# iScsi Target for Gentoo

## niclaslundstrom

Hello

I am currently examining iScsi.

Have anyoune any experience?

Regards /NiclasLast edited by niclaslundstrom on Tue Nov 02, 2004 2:47 pm; edited 1 time in total

----------

## gen536

*bump*

I'm interested too.

----------

## niclaslundstrom

More info on this and on iscsi is available on these sites:

http://iscsitarget.sourceforge.net/

http://www.cuddletech.com/articles/iscsi/index.html

http://www.ardistech.com/iscsi/

I do not know how to make an ebuild of the code. The best source seems to be IET (iscsitarget.sf.net) I would greatly appreciate the ebuilds, for my home storage server. 

Regards

----------

## niclaslundstrom

I have compiled the 0.3.4 for the 2.6 kernel successfully, and initated an iscsi disk from windows and liinx. 

This is the home storage solution for everybody. 

Is there any intrest for ebuilds?

I could perhaps learn how to make them.

Regards Niclas

----------

## tholu

 *niclaslundstrom wrote:*   

> Is there any intrest for ebuilds?
> 
> 

 

I'd love ebuilds and a user doc.

----------

## kreed

I'd be glad to help with docs, as I don;t know how to package an ebuild either. I have the IET running nicely under 2.4, working on 2.6

----------

## Registered.User

I finally figured out what my own problem was.  I have successfully compiled linux-iscsi-4.0.1.10 against the 2.6.8-gentoo-r10 kernel and the utils.  Believe it or not, it was the utils that gave me more trouble than the modules.

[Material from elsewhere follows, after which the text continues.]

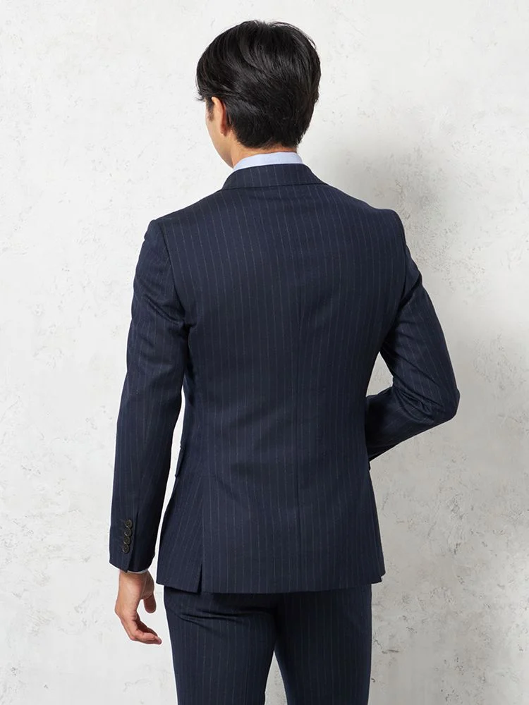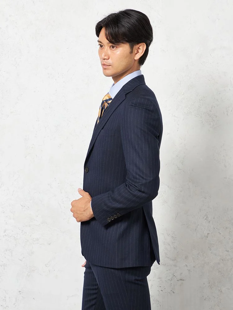 【即納】スーツ2つボタン【WEB限定】上下ウォッシャブルネイビーストライプ

If anybody wants my input or comments let me know.  We are currently using iSCSI to connect to Network Appliance.  I have to tell you that iSCSI rocks.  It stomps NFS and is grossly superior in my mind.

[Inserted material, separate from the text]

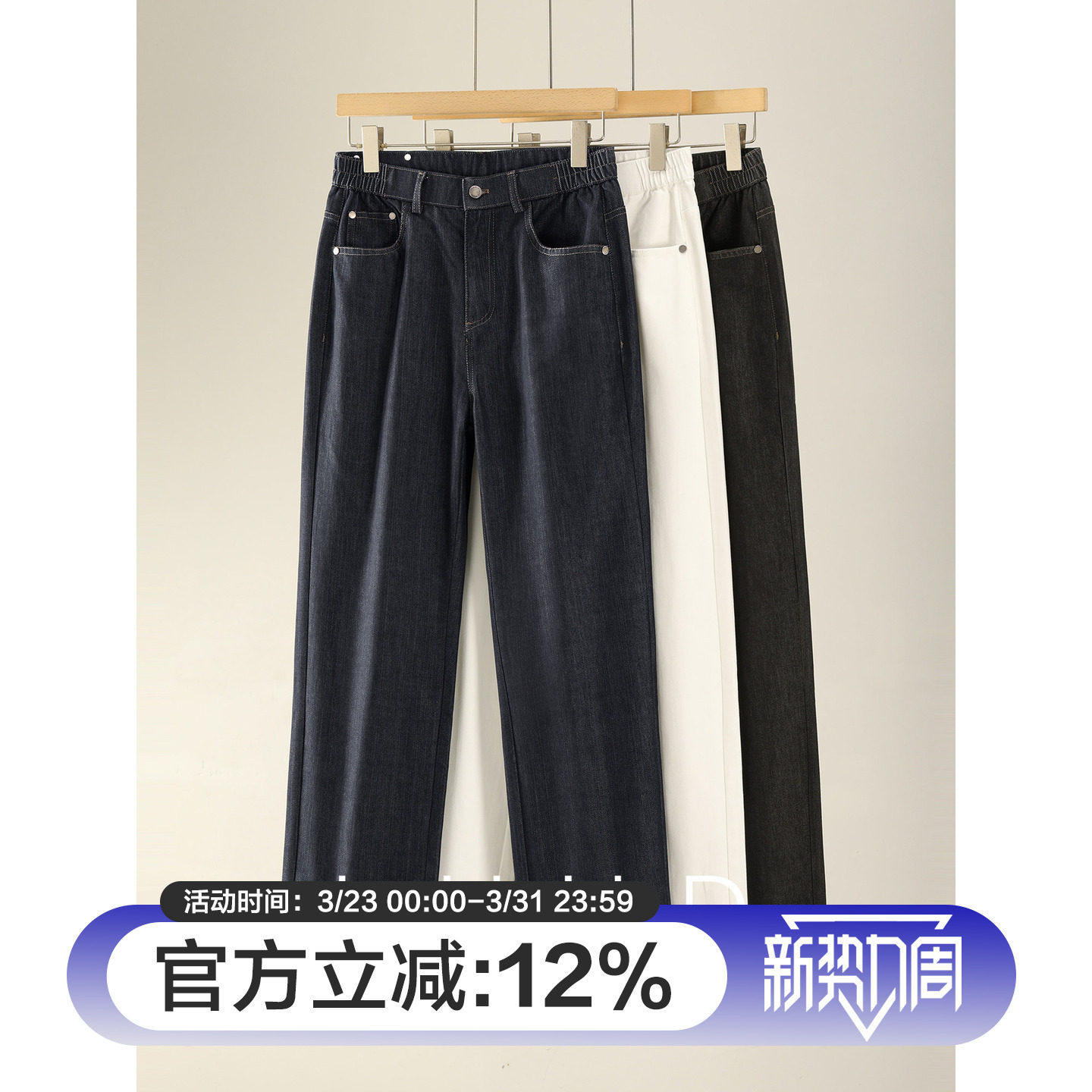 男柔软舒适莱赛尔天丝半松紧腰休闲裤 特价 复古垂感辑明线牛仔裤

Anyway, I have got it working and can give you a real world application perspective on iSCSI (as far as the initiators are concerned.   I am in the process of building my own target.

----------

## smart

Running an iscsi target under linux here, using http://sourceforge.net/projects/iscsitarget/ . Works like a charm serving to w2k machine. I'd definitely like to see an ebuild for that.

----------

## charlesnadeau

 *smart wrote:*   

> I'd definitely like to see an ebuild for that.

 

Bump. Will a build be available soon? I have not seen any in Portage.

Thanks!

Charles

----------

## rowbin hod

Hi, on a related issue, i'm looking at iSCSI and have been wondering what the performace is like. From what i can tell, if you have a bog standard network card, and are running iSCSI, there are massive CPU utilizations. Installing a "proper" netwrok  card with a TCP offload engine (is that the correct terminology?) will reduce the CPU utilization, and if you get a card which supports iSCSI natively (and costs 300 quid) then the cpu load is reduced further cos the card processes the scsi instructions withough having to give it all to the cpu. Am i thinking along the right lines?

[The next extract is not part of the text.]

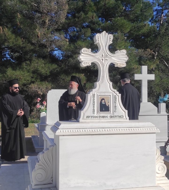 Μετά την απόλυση και τη διανομή του αντιδώρου, ο Σεβασμιώτατος κ. Χρυσόστομος, συνοδευόμενος από τον Πρωτοσύγκελλό του π. Νικόδημο και τον Διάκονό του π. Σταύρο, μετέβη στο νέο κοιμητήριο Χαλκίδος, όπου τέλεσε τρισάγιο υπέρ αναπαύσεως του μακαριστού προκατόχου του Μητροπολίτου Χαλκίδος Χρυσοστόμου Α΄ (Βέργη) και της ευεργέτιδος της Ιεράς Μητροπόλεως Ελένης Πνευματικού-Μπακαρόζου.

Also, can anyone compare read, write and access speeds with locally attached storage? I'm guessing theat the network latency won't make an awful lot of difference to the seek times as average disk seek time is >5ms, whereas sending a packet of data probably takes a tenth that time. What about throughput though, and real world results, anyone had a look at these?

thanks for the info

----------

## charlesnadeau

 *Registered.User wrote:*   

> Believe it or not, it was the utils that gave me more trouble than the modules.

 

We are in the same boat! Can you give me more details about the problems you faced and how you solved them?

Thanks!

Charles

----------

## ajaygautam

 *Registered.User wrote:*   

> ....
> 
> If anybody wants my input or comments let me know
> 
> ...

 

Well, if possible can you please list how you did it, what all problems you faced, what were the solutions, etc... A HOWTO of sorts..

Thanks

Ajay

----------